Tuesday 22 November 2011

Mr Grayling!

Mr Grayling...(to paraphrase Ozzy Osbourne!) has written in the Guardian. Here's my response to thsi awful individual's free piece of propaganda.

But your evaluation of the work experience scheme is a great injustice to the young people who are benefiting from it.


This is grandstanding; a far greater injustice is forcing people, in lieu of withdrawal of their only source of income, to work somewhere they have no say in for no wage. How is that acceptable? You have substituted opportunity for competition; forcing people to fight like hungry jackals over increasingly scarce scraps thrown by deign of the master's will from the capitalist's banquet table. Money for you and the welfare provider pimps, such as A4E, nothing for the worker.

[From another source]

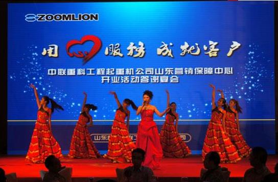 开业典礼之后,保障中心在喜来登酒店准备了丰盛的答谢宴以及精彩的文艺节目。中联重科工起分公司领导郑波先生做了致酒词,同时,济南市高新区纪工委副书记张传宏作了热情洋溢的致辞,他指出“山东营销保障中心的成立给高新区及周边的发展带来了活力,同时,下一步将一如既往的支持山东营销保障中心的工作”。答谢宴上的各个节目精彩纷呈,让人应接不暇,其中沙画表演更是给在场的嘉宾以最精彩的视觉盛宴,引起阵阵喝彩。
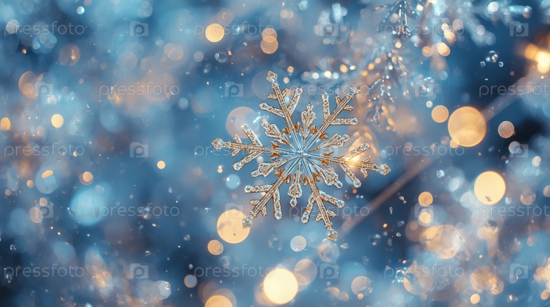 Баннер.Кристалл, ледяная снежинка на заснеженном фоне.Символ 2026 года.Счастливого Нового Года и Счастливых Рождеств

How is forcing a graduate to work at Poundland anything other than a scandalous waste of their education (and thus taxpayer money)? How is forcing increasing numbers of the unemployed into the same merry go round of menial drudgery ever going to help them? Will you give them work experience in the House of Parliament, sir? Or are such jobs only for the scions of the rich who get to bid on positions in the city? (Warning link to the Daily Fail).

The scheme is designed to get young, unemployed people into the workplace for up to eight weeks of work experience.

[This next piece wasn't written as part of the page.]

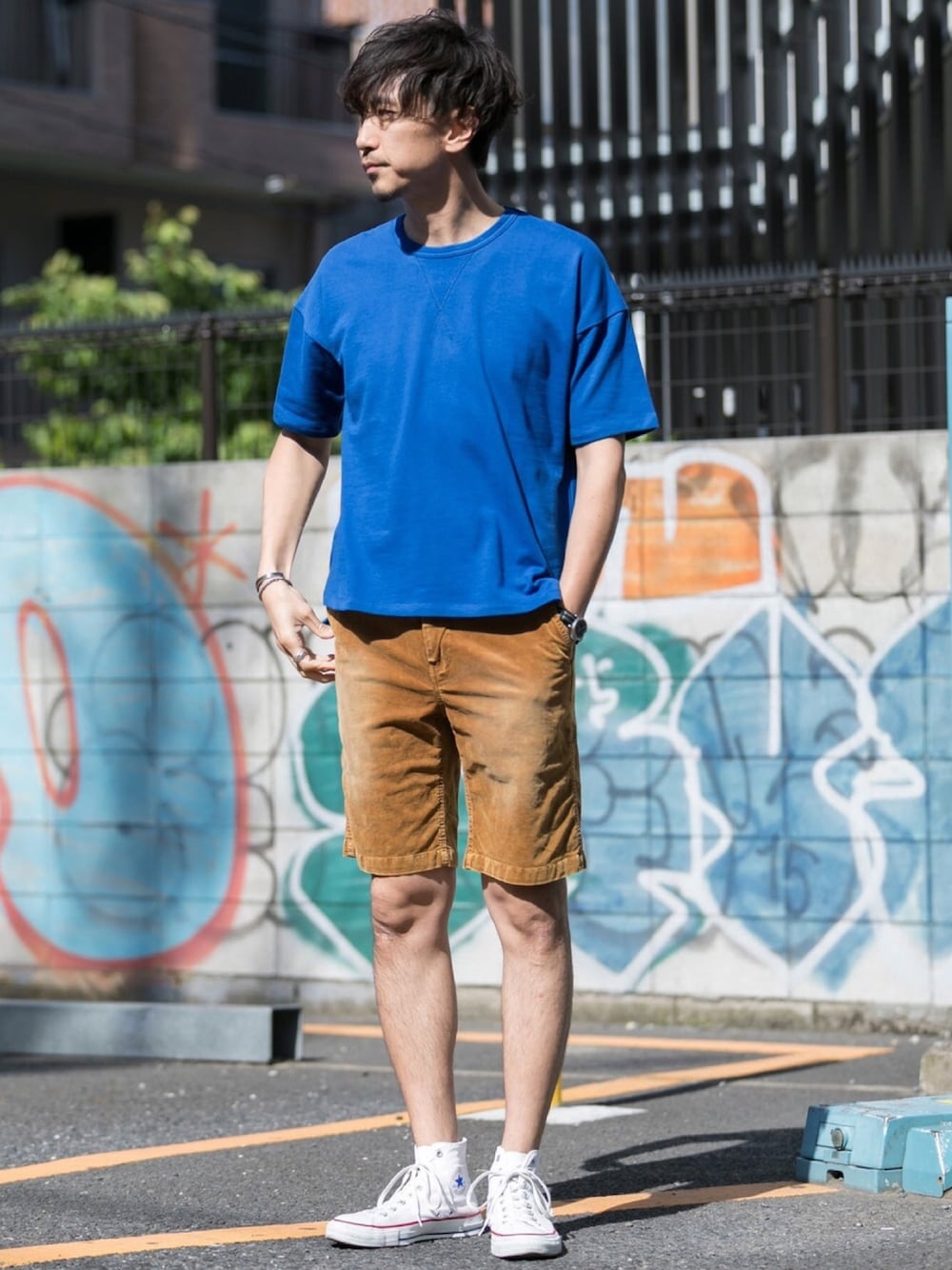 鮮やかなビビッドカラーの薄手スウェットに、スモーキーカラーの渋めコーデュロイショーツで、メリハリをつけました。 カラーリングが最高に好きです◎ ハイカットスニーカーだと、ローカットよりも締まりますね。

Why does a position of low skill such as shelf stacking require eight weeks worth of unpaid experience? How will that give them an edge against their peers who are forced into the same situation? You are simply lowering the standards for competition and thus profit. Disgraceful.

The early results have been encouraging. More than half of those who enter the scheme are off benefits within three months, and many are staying on with the same employers.


So the ends justify the means? If this is true, why aren't these positions advertised as proper jobs in the first place for people to apply and start work in without the charade of what is simply indentured servitude. Why the facade, they the jumping through hoops for the sole benefit of employers?

Of course these people are off benefits, because they are not considered unemployed while on these schemes.

What if someone doesn't want to go to POundland for no wage? What alternative is offered to them?

And let's not be snobbish about this – plenty of people have started on the bottom rung and climbed their way to the top. I met someone recently who had been unemployed for years, got a job on the checkouts and quickly moved into running a staff of 20. A branch manager for a big store is often running a multimillion-pound business.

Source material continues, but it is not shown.